• _Input data_
···
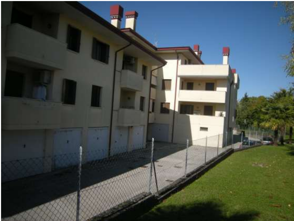
Brugnera, via della Fratta n. 29 – Le parti comuni.
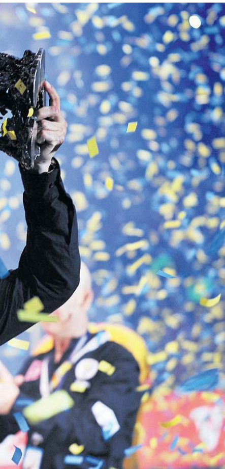
Wycięstwo w Lidze Mistrzów w 2016 roku.
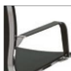
KU..C. Хромированная сталь
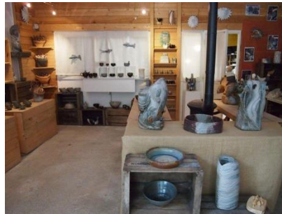
Les poteries et sculptures
···
• _Description of the task_
The material above should be repeated word for word, with every picture omitted.

• _Answer box_
Brugnera, via della Fratta n. 29 – Le parti comuni.
Wycięstwo w Lidze Mistrzów w 2016 roku.
KU..C. Хромированная сталь
Les poteries et sculptures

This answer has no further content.